» Recorded data:
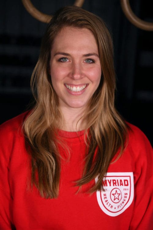 Kristina’s favorite movement is the squat, as she notes, squats can be an excellent metaphor for life, it’s all about getting up after weight brings you down. During the colder months, you can find Kristina reading a good book + snuggled up under the blankets. However in the warmer months, she + her boyfriend are often busy going to country-music concerts or taking trips to visit friends. You may not know this about Kristina, but when she is not coaching at Myriad she is a proud CVICU/ECMO nurse at Riley:
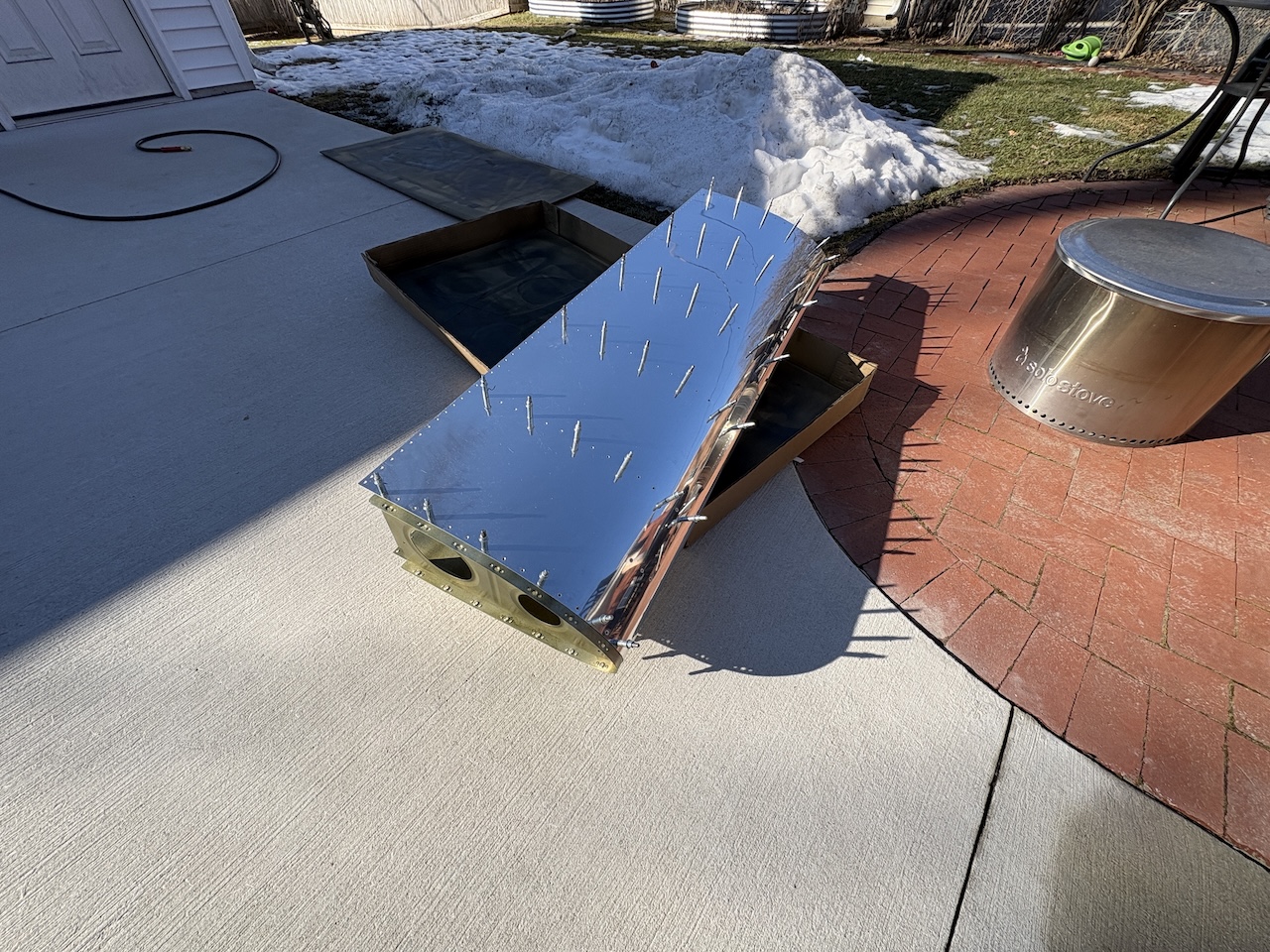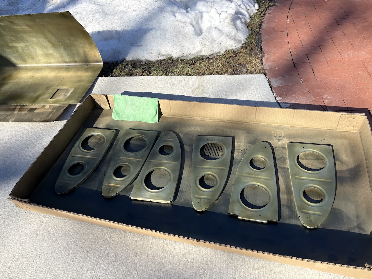 This is actually a combination of a few days of work. I cleaned the ribs with soap and a scotchbrite pad just in a little plastic bin, and then took the big leading edge skins up to the shower and did the same thing.A few days later, I cleaned the parts again but with lacquer thinner to get any oils off. Finally, I started priming the parts. It was just barely above freezing in the garage so I put the heat on in the little plastic booth. It's pretty miserable spraying in that thing and I only got one wing done. Fortunately, the next day was spring-like! It got up to the mid fifties outside and was sunny with a nice gentle breeze -- that meant I could do the spraying outside!
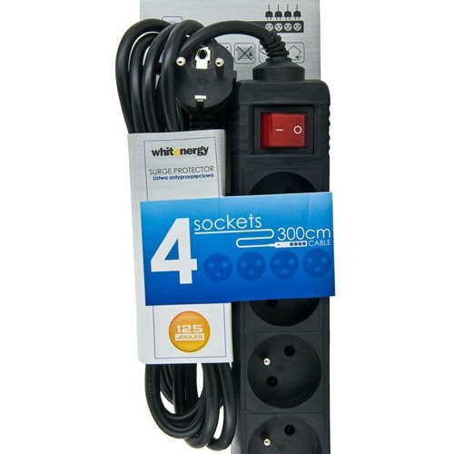 Listwa antyprzepięciowa STANDARD|4 gniazda|3m|czarna

» Exercise details: Return all the data above as written, leaving out only the pictures.

» Result of the task:
 Kristina’s favorite movement is the squat, as she notes, squats can be an excellent metaphor for life, it’s all about getting up after weight brings you down. During the colder months, you can find Kristina reading a good book + snuggled up under the blankets. However in the warmer months, she + her boyfriend are often busy going to country-music concerts or taking trips to visit friends. You may not know this about Kristina, but when she is not coaching at Myriad she is a proud CVICU/ECMO nurse at Riley:
 This is actually a combination of a few days of work. I cleaned the ribs with soap and a scotchbrite pad just in a little plastic bin, and then took the big leading edge skins up to the shower and did the same thing.A few days later, I cleaned the parts again but with lacquer thinner to get any oils off. Finally, I started priming the parts. It was just barely above freezing in the garage so I put the heat on in the little plastic booth. It's pretty miserable spraying in that thing and I only got one wing done. Fortunately, the next day was spring-like! It got up to the mid fifties outside and was sunny with a nice gentle breeze -- that meant I could do the spraying outside!
 Listwa antyprzepięciowa STANDARD|4 gniazda|3m|czarna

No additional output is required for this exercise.